Assigned task: Output exactly, and only, the lines below from the one with "Once you have" down to the one with "Kit centrale Ajax". Include both end lines and no pictures.

Source material:
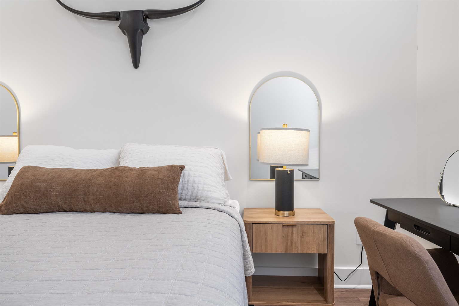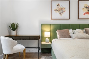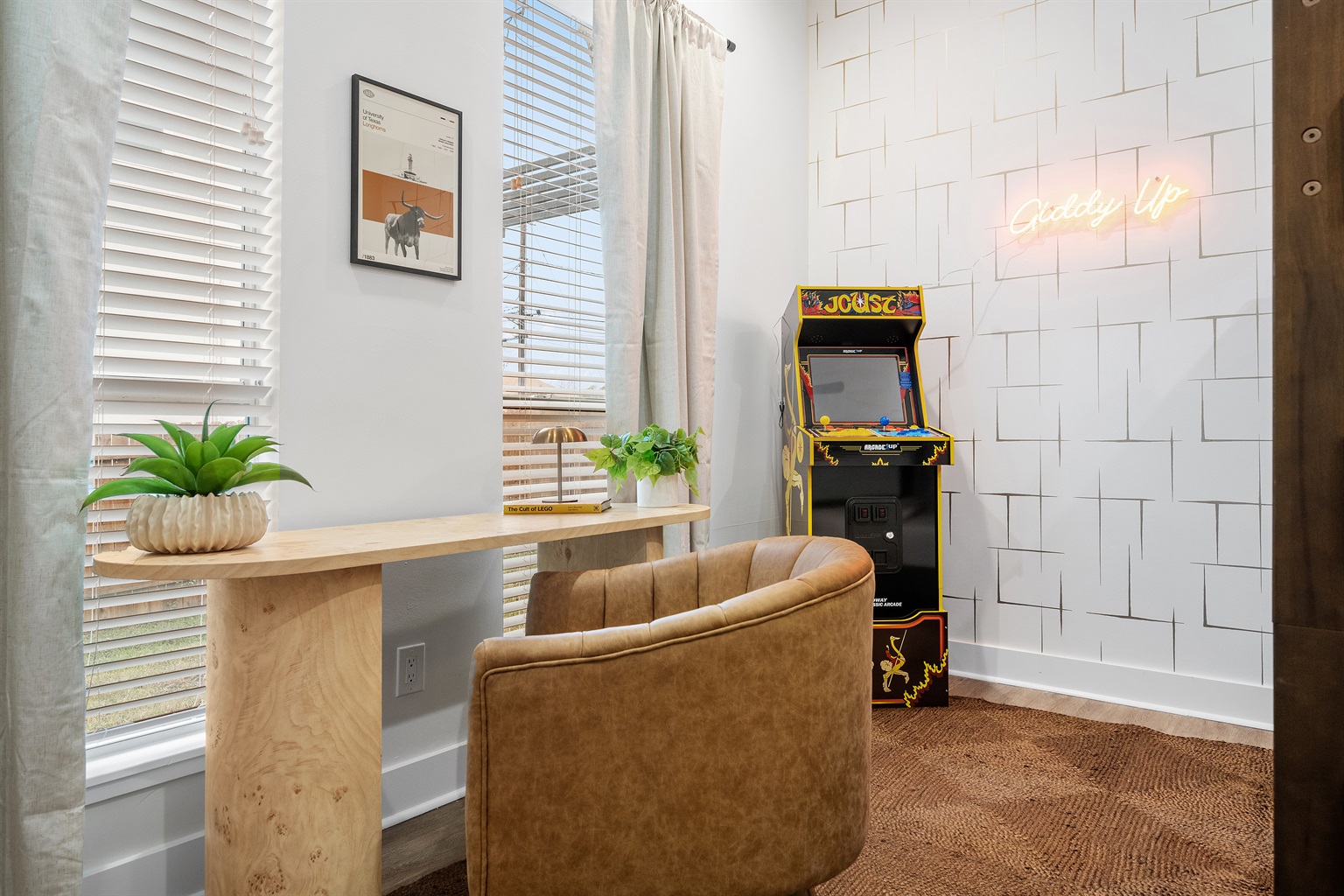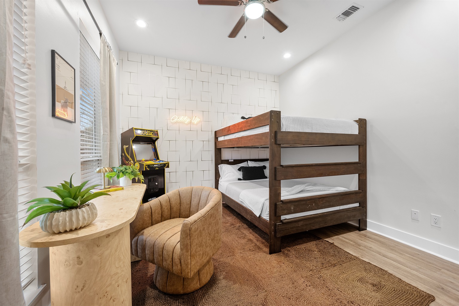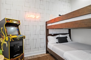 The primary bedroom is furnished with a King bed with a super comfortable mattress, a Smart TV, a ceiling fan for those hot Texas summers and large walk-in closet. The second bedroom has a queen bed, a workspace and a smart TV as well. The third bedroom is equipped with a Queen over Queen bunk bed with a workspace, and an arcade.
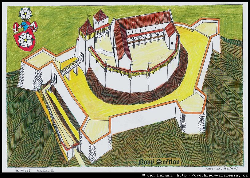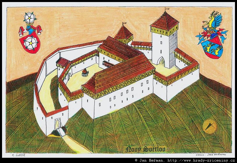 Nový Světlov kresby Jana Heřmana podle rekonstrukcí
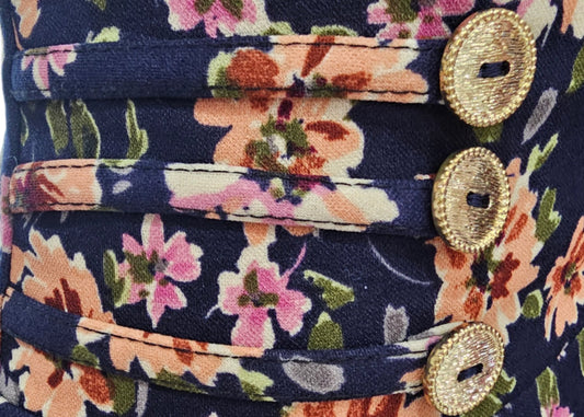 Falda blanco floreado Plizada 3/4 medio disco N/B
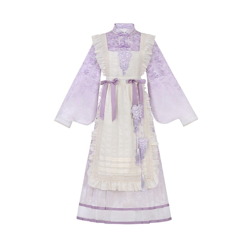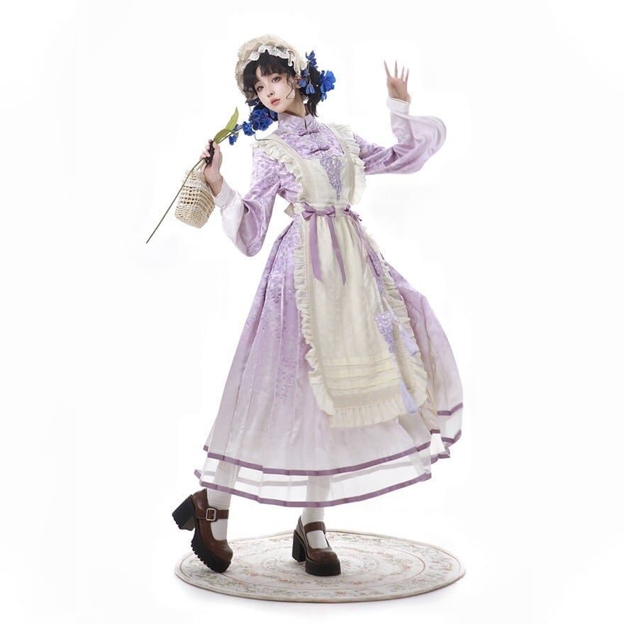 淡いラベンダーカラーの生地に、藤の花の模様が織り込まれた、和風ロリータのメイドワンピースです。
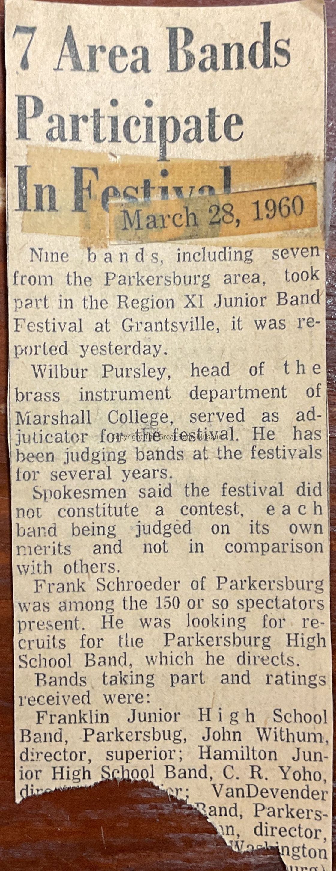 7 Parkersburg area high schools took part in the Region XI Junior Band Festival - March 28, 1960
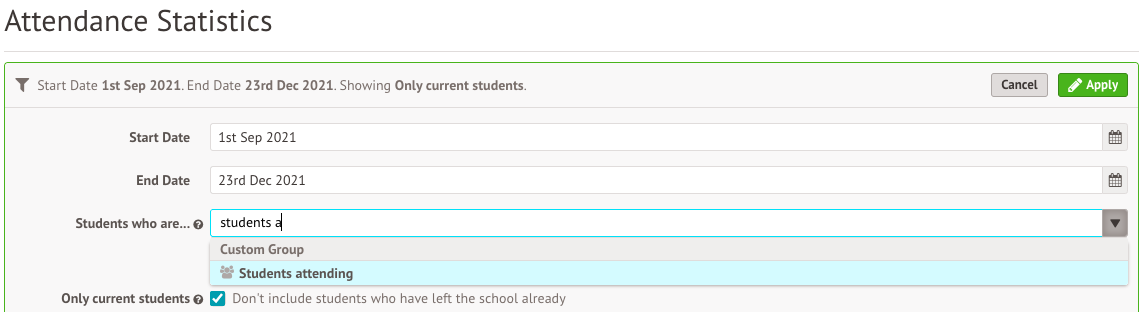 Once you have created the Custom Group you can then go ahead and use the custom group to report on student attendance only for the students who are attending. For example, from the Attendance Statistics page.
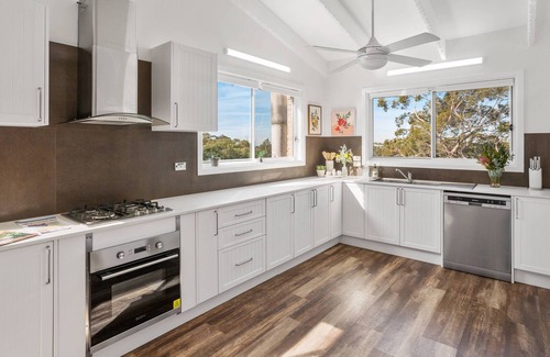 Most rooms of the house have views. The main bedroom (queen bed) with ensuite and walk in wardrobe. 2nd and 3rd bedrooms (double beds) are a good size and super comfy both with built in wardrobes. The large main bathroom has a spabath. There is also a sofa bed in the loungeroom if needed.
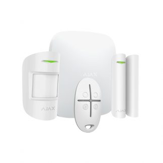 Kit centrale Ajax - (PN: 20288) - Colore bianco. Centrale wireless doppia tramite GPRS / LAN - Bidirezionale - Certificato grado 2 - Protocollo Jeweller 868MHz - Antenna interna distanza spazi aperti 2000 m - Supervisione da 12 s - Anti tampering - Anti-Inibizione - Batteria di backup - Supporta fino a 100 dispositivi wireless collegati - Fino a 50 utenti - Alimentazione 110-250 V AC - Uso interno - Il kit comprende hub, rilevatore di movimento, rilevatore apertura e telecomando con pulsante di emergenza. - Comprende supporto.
---
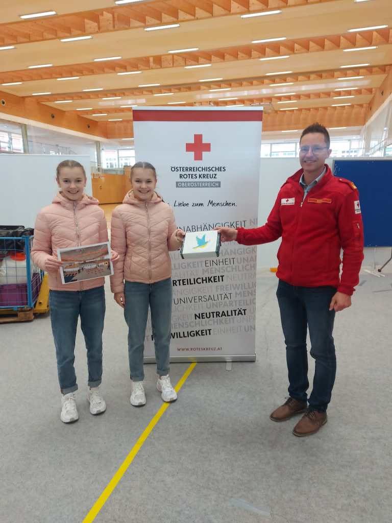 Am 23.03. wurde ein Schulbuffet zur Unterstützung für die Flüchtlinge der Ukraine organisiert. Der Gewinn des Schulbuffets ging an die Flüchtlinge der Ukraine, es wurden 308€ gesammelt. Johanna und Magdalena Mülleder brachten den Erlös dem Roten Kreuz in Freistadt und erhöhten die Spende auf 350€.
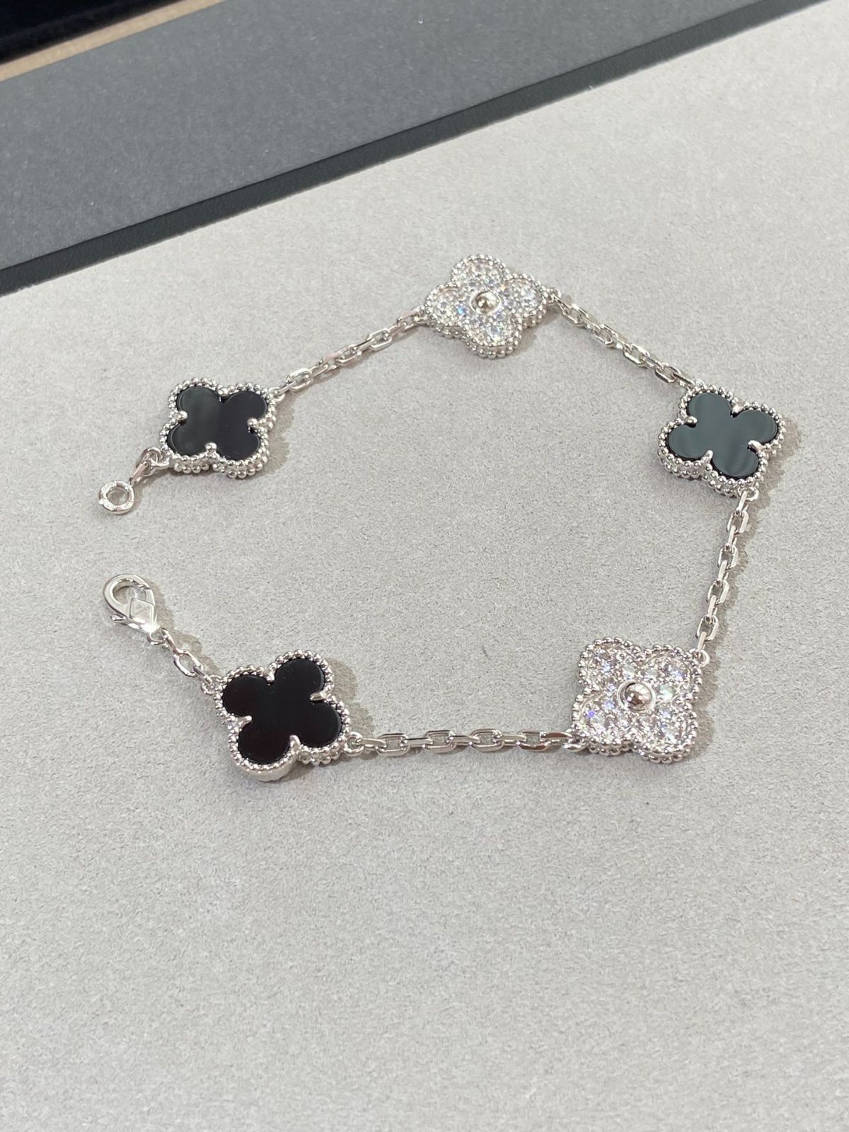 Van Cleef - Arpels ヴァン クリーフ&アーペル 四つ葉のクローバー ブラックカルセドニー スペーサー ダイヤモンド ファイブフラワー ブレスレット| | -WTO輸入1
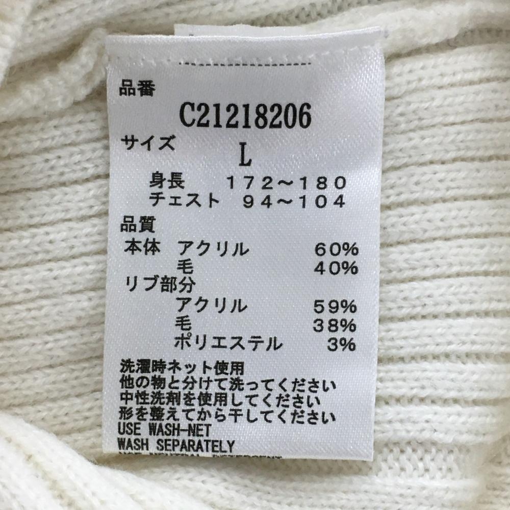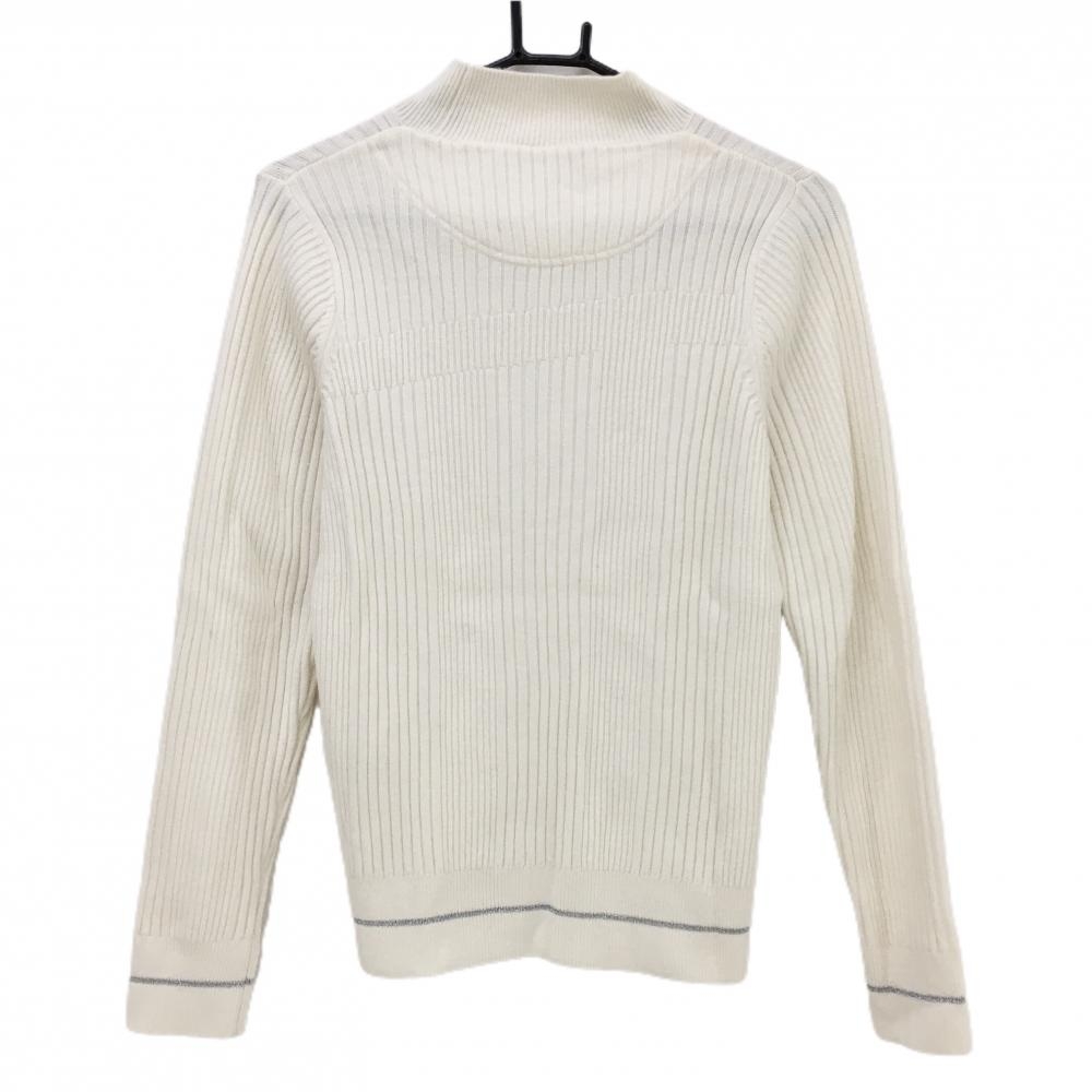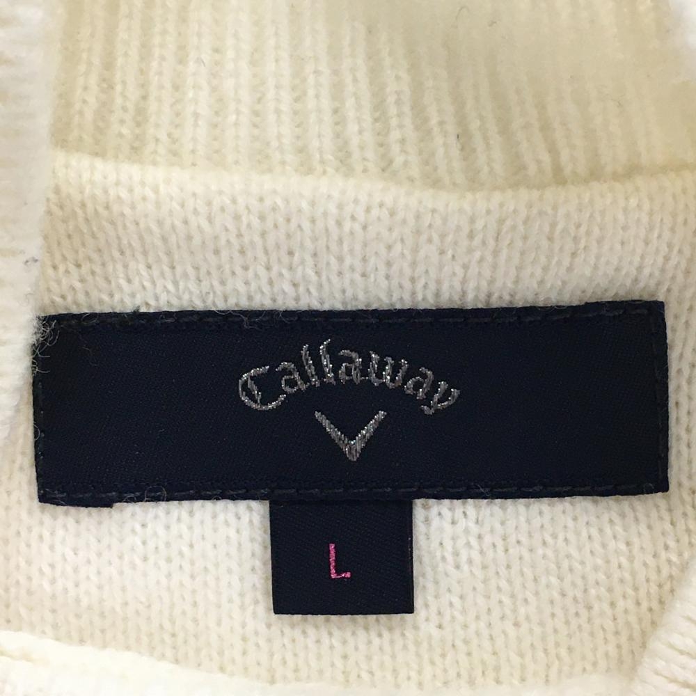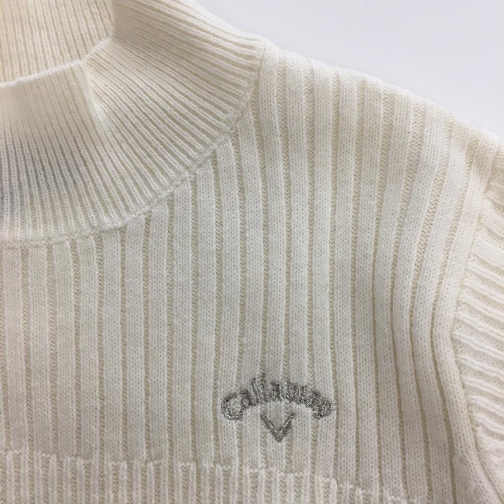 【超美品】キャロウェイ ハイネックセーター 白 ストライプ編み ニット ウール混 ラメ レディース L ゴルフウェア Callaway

Expected output:
 Once you have created the Custom Group you can then go ahead and use the custom group to report on student attendance only for the students who are attending. For example, from the Attendance Statistics page.
 Most rooms of the house have views. The main bedroom (queen bed) with ensuite and walk in wardrobe. 2nd and 3rd bedrooms (double beds) are a good size and super comfy both with built in wardrobes. The large main bathroom has a spabath. There is also a sofa bed in the loungeroom if needed.
 Kit centrale Ajax - (PN: 20288) - Colore bianco. Centrale wireless doppia tramite GPRS / LAN - Bidirezionale - Certificato grado 2 - Protocollo Jeweller 868MHz - Antenna interna distanza spazi aperti 2000 m - Supervisione da 12 s - Anti tampering - Anti-Inibizione - Batteria di backup - Supporta fino a 100 dispositivi wireless collegati - Fino a 50 utenti - Alimentazione 110-250 V AC - Uso interno - Il kit comprende hub, rilevatore di movimento, rilevatore apertura e telecomando con pulsante di emergenza. - Comprende supporto.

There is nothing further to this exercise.